Buscan convertir terrenos ociosos al costado de las rutas en una nueva fuente de ingresos para las localidades
¿Sabías que hay terrenos al costado de las rutas pampeanas que podrían generar recursos para los pueblos? Un proyecto de ley busca explotarlos agrícolamente y destinar los fondos a escuelas, bomberos y caminos. Enterate cómo funcionaría.
La UCR pampeana impulsa un proyecto de ley para que las franjas de tierra que hoy están sin uso junto a las rutas provinciales puedan ser explotadas agrícolamente. La iniciativa de los diputados Sergio Pregno, Hipólito “Poli” Altolaguirre y Gisela Cuadrado busca que esos terrenos generen producción y, al mismo tiempo, fondos para los pueblos.
La propuesta apunta a que la Dirección Provincial de Vialidad identifique qué sectores son aptos para sembrar, excluyendo siempre las banquinas y las zonas que afecten la seguridad vial. Así, los municipios y comisiones de fomento que adhieran podrán otorgar permisos por concurso o licitación.
¿Cómo funcionará el régimen?
Según el texto presentado, los permisos serán precarios, onerosos y por un plazo máximo de un año, renovables. No otorgarán derechos de propiedad ni expectativas de permanencia, ya que el Estado provincial conservará el control de esas superficies.
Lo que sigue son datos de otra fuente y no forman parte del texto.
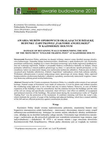XXVI Konferencja Naukowo-Techniczna awarie budowlane 2013 KAZIMIERZ SZULBORSKI, [email protected] Politechnika Warszawska ANNA MAJEWSKA, [email protected] Politechnika Warszawska1 AWARIA MURÓW OPOROWYCH OKALAJĄCYCH DZIAŁKĘ BUDYNKU ZABYTKOWEJ „FAKTORII ANGIELSKIEJ” W KAZIMIERZU DOLNYM DAMAGE OF RETAINING WALLS SURROUNDING THE SITE OF THE MONUMENT “ENGLISH TRADING POST” AT KAZIMIERZ DOLNY Streszczenie Kazimierz Dolny, położony na skarpie wiślanej, stanowi cenny dorobek naszego dziedzictwa kulturowego. Naturalne skarpy kazimierzowskie, zbudowane z opok kredowych i ich zwietrzelin, porośnięte roślinnością, znajdują się w stanie chwiejnej równowagi i przy braku ingerencji (podkopywania) nie wykazują zagrożenia. Jednak w przypadku budowy (rozbudowy) budynku na skarpie, relacje pomiędzy zabudową a stanem podłoża gruntowego są silnie i w specyficzny sposób powiązane, co ma zasadniczy wpływ na stateczność skarpy oraz zachowanie techniczne zabudowy. Podczas prac modernizacyjnych przy budynku zabytkowej „Faktorii Angielskiej” nadrzędnym celem była ochrona zabytku. Wykonano zabezpieczenia w postaci połączonego muru oporowego od strony skarpy, który zapewnił bezpieczeństwo użytkowania budynku i zabudowy sąsiedniej, unormowały stateczność wzgórza i stanowią skuteczną ochronę przed awarią budowlaną. Abstract Situated on the Vistula escarpment, Kazimierz Dolny is a valuable achievement of our national heritage. Natural scarps of Kazimierz were made of cretaceous. Covert by plants and without trenches the weathering scarp right now is not a threat and stay in tottery balance. However, in case of further expansion of the building it must be remembered, that the relations between the buildings and the state of the soil are strong and specifically connected, what will have vital effect on stability of escarpment and technical reactions of the buildings. The primal intent during the reconstruction works of “English Trading Post” was the protection of the monument. It combines retaining wall from the scarp’s side, which maintain the security of usage of the building and adjacent building, which have created stability of the hill and are efficient protection against construction accident Wstęp Kazimierz Dolny dzięki swemu malowniczemu położeniu, znamienitej historii oraz bogactwie renesansowej sztuki budowlanej – murowanej i drewnianej, stanowi cenny zespół urbanistyczno-architektoniczny. Istniejące na terenie miasta zabytkowe obiekty architektoniczne, składają się na dorobek kulturalny całego narodu. Utrzymanie tego dziedzictwa narodowego i zachowania go dla przyszłych pokoleń jest warunkiem tożsamości tego miejsca, jego indywidualności i unikalności. W 1979 r. na terenie miasta i jego otoczenia utworzono Kazimierzowski Park Krajobrazowy. Obszar parku chroniony jest ze względu na wartości 1 Współpraca merytoryczna – prof. dr hab. inż. Lech Wysokiński 434 Szulborski K. i in: Awaria murów oporowych okalających działkę budynku zabytkowej… przyrodnicze, historyczne i kulturowe, lecz w odróżnieniu od innych form chronionych (np. parków narodowych czy obszarów chronionego krajobrazu), celem jest tu nie tylko ochrona, lecz głównie popularyzacja i upowszechnienie zabytkowych i przyrodniczych walorów terenu w warunkach racjonalnego gospodarowania. Możliwe i dopuszczalne są, zatem w tym rejonie działania przywracające historyczne wartości jak i podnoszące walory terenu. Do takich wartości należy wykorzystanie do budowy ścian budynków miejscowego surowca, jakim jest opoka kredowa. Początki budowania z tej skały, powszechnej na Lubelszczyźnie (kamieniołomy w Kazimierzu, Bochotnicy i Nasiłowie), przypadają na wiek XVI i XVII. Do popularności tego materiału przyczyniła się łatwość jego wydobycia ze starej doliny Wisły oraz jego zalety techniczne i właściwości geomechaniczne. Ciężar objętościowy typowej opoki kazimierzowskiej jest niski (1,3÷1,4 T/m3). Cechuje go duża porowatość (46÷52%) i nasiąkliwość (28÷32%) oraz dobra mrozoodporność i wytrzymałość (w stanie powietrzno-suchym ok. Rc = 20 MPa, a w stanie nasyconym ok. Rc = 10 MPa). Anizotropia wytrzymałości jest nieznaczna, co skała zawdzięcza rozproszonemu detrytusowi organicznemu. Dodatkową korzystną cechą jest to, że sezonowane po wydobyciu ze złoża opoki twardnieją i zmniejszają nasiąkliwość. Cechy te uzasadniają, dlaczego surowiec ten stał się od średniowiecza podstawą rozwoju architektury kamiennej w Kazimierzu. Jednym z cenniejszych zabytków Kazimierza jest zbudowany z kazimierzowskiej skały – budynek „Faktorii Angielskiej”. Położony na stoku wysoczyzny (skarpy), biegnącej równolegle do Wisły, znajduje się on w strefie ścisłej ochrony konserwatorskiej układu architektoniczno-krajobrazowego Kazimierza Dolnego. Ta lokalizacja powoduje, że relacje pomiędzy zabudową a stanem podłoża gruntowego są silnie i w specyficzny sposób powiązane, co ma zasadniczy wpływ na stateczność skarpy oraz zachowanie techniczne zabytkowej zabudowy. 2. Położenie i rys historyczny budynku „Faktorii Angielskiej” Historyczny budynek dawnej „Faktorii Angielskiej”, o wyraźnej kamiennej architekturze, zlokalizowany jest w pierzei ulicy Krakowskiej, w odległości ok. 0,5 m od wschodniej granicy z działką sąsiednią. Został częściowo wcięty w skarpę wiślaną. Od strony południowej, wysoczyzna ograniczona była murem z kamienia wapiennego (rys. 1). Rys. 1. Fragment mapy topograficznej Kazimierza Dolnego z zaznaczoną lokalizacją działki Legenda głosi, że obiekt powstał w drugiej połowie XVII wieku i pełnił funkcję konsulatu angielskiego (rezydencja faktora angielskiego), siedziby i miejsca obrad angielskich kupców zbożowych przybywających do Kazimierza po towar. W XVIII w. „Faktoria” należała już do kazimierskiego rodu Kwasków. Budowla nosiła cechy domu mieszkalneg

En esos terrenos se podrán sembrar y cosechar cereales, oleaginosas, forrajes y otros cultivos compatibles con las características de cada lugar. La prioridad para acceder a los permisos la tendrán los propietarios o arrendatarios de los inmuebles frentistas y, luego, las entidades de bien público de la zona.
¿A dónde irá el dinero recaudado?
El proyecto establece que el 40% de lo recaudado se destinará al mantenimiento de la Red Vial Terciaria, otro 40% a las cooperadoras escolares y el 20% restante a los bomberos voluntarios de la jurisdicción correspondiente. Si alguna de esas instituciones no existe en el lugar, los fondos se derivarán a otras entidades de bien público de la comunidad.
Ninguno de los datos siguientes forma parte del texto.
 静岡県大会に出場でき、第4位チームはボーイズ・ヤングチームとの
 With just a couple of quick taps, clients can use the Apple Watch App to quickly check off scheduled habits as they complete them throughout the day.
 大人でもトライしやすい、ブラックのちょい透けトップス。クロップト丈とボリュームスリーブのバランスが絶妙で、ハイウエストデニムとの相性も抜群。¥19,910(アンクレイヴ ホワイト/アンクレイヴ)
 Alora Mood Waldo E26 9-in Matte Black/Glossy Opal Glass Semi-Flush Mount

De esta manera, la iniciativa pretende que el aprovechamiento de tierras ociosas no solo genere producción, sino que los beneficios económicos regresen directamente a las localidades, fortaleciendo servicios e instituciones con fuerte presencia comunitaria.
Además, el texto incluye obligaciones para preservar el suelo, controlar malezas, prevenir incendios, mantener obras hidráulicas e instalaciones públicas y respetar los accesos a los establecimientos rurales. También se prohíbe el pastoreo de animales, la colocación de alambrados, la electrificación y las construcciones permanentes.
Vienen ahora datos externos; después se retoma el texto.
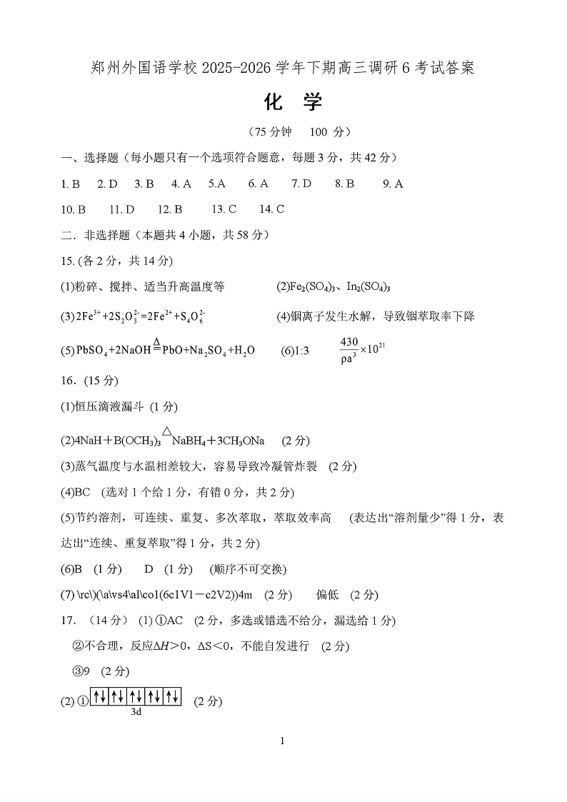 高三化学答案--河南郑州市外国语学校2026届高三下学期3月阶段检测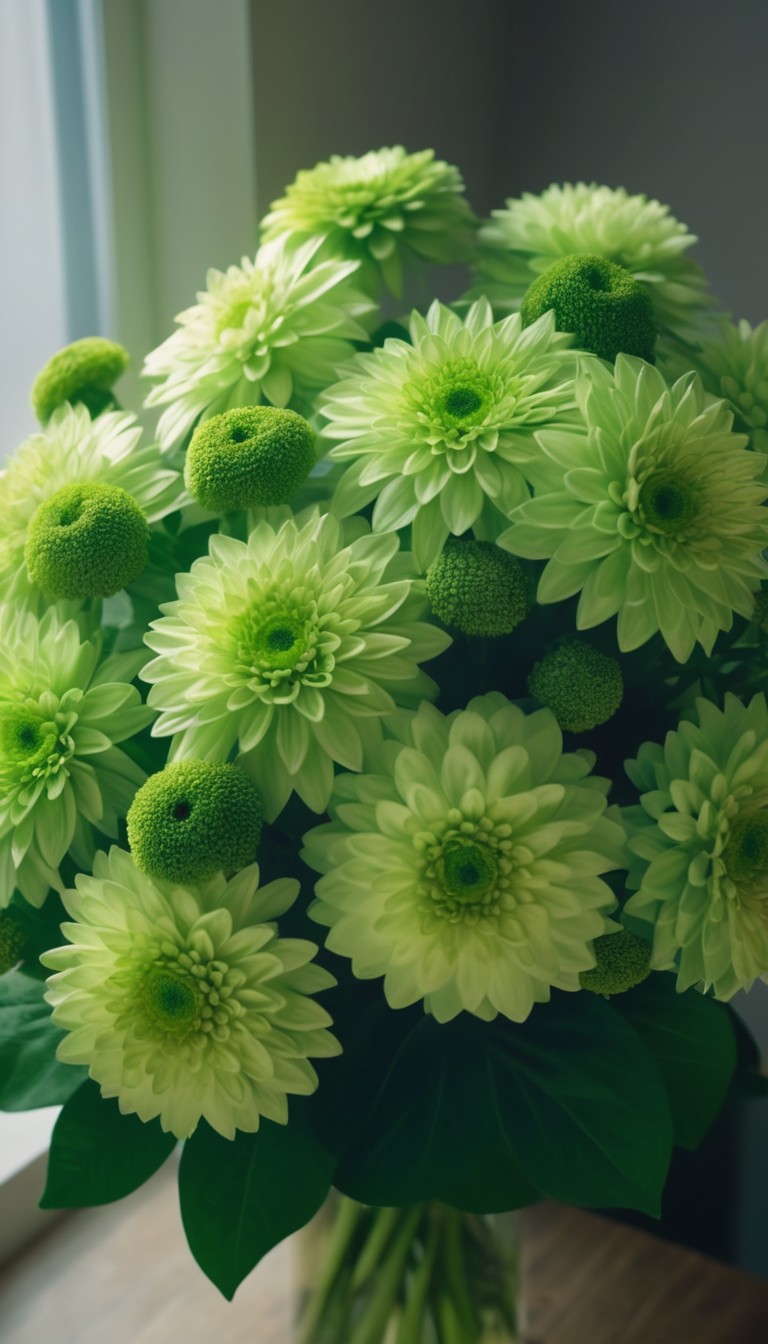 Green chrysanthemum bouquet in a vase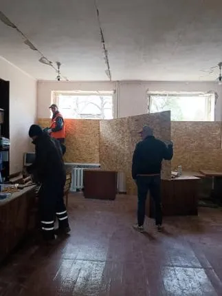 Комунальники Ізюма закривають вибиті вікна в освітньому закладі Балаклії / Фото: Ізюмська МВА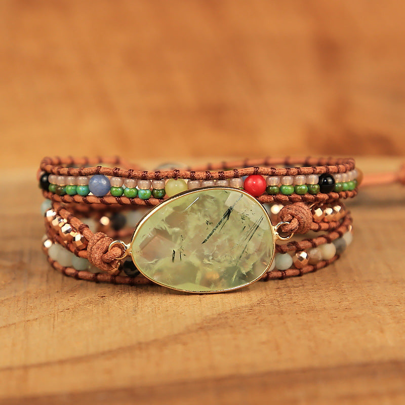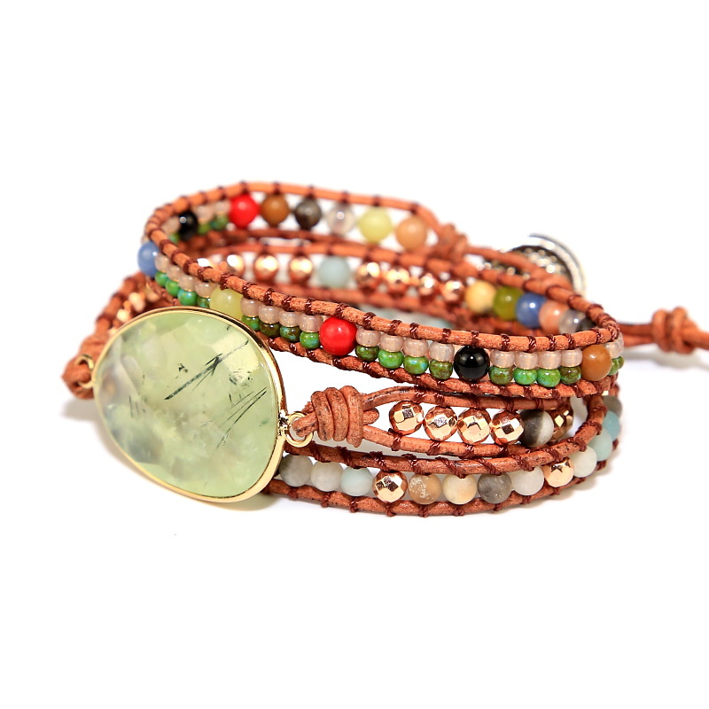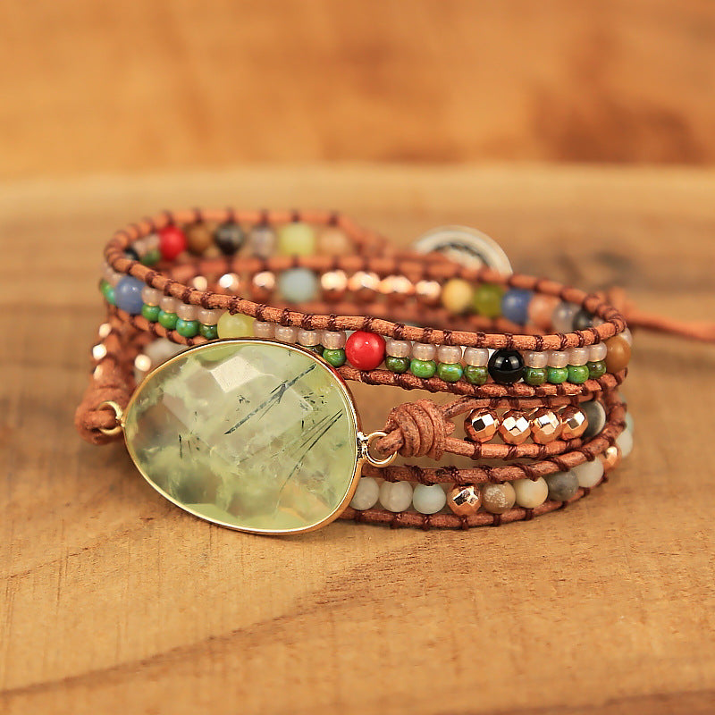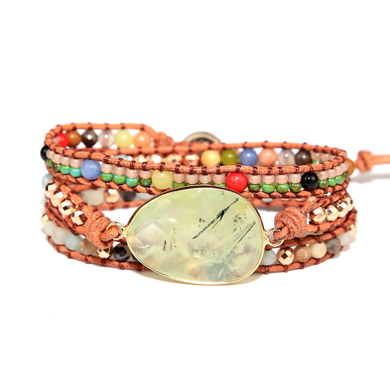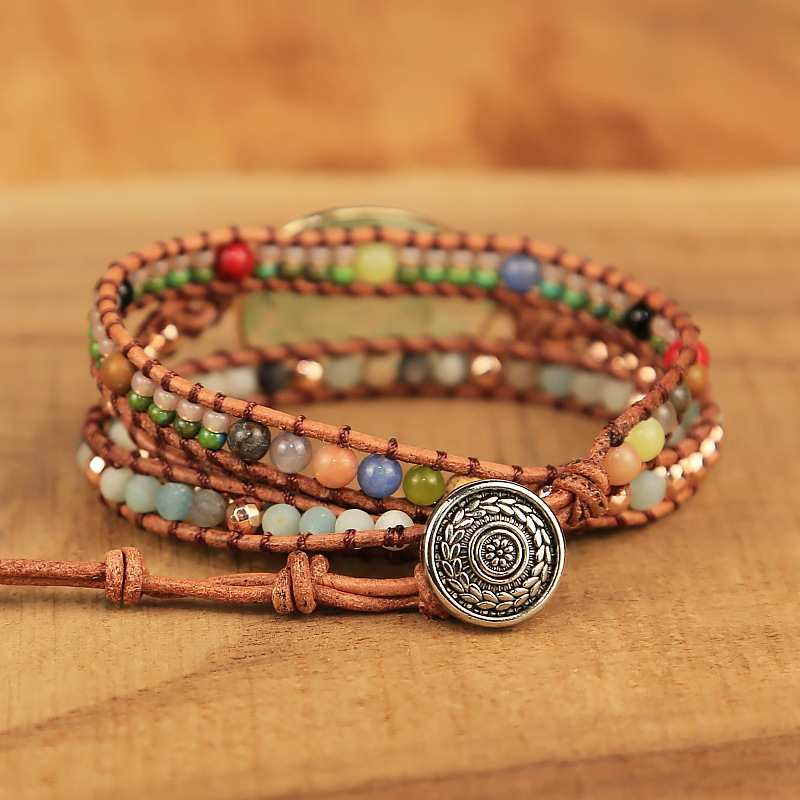 Crystal Stone Metal Beads Beaded Bracelet for Women, Vintage Bohemian Boho Woven Handmade Multilayer Adjustable Bracelet with Leather Rope

La Dirección Provincial de Vialidad, junto con los municipios y comisiones de fomento, tendrá facultades de inspección y control. El régimen contempla la posibilidad de revocar los permisos y aplicar sanciones ante incumplimientos.
Para los legisladores radicales, la iniciativa busca compatibilizar tres objetivos: aprovechar de manera responsable los bienes públicos subutilizados, impulsar la actividad productiva y generar nuevos recursos para las comunidades pampeanas, con la seguridad vial como condición prioritaria.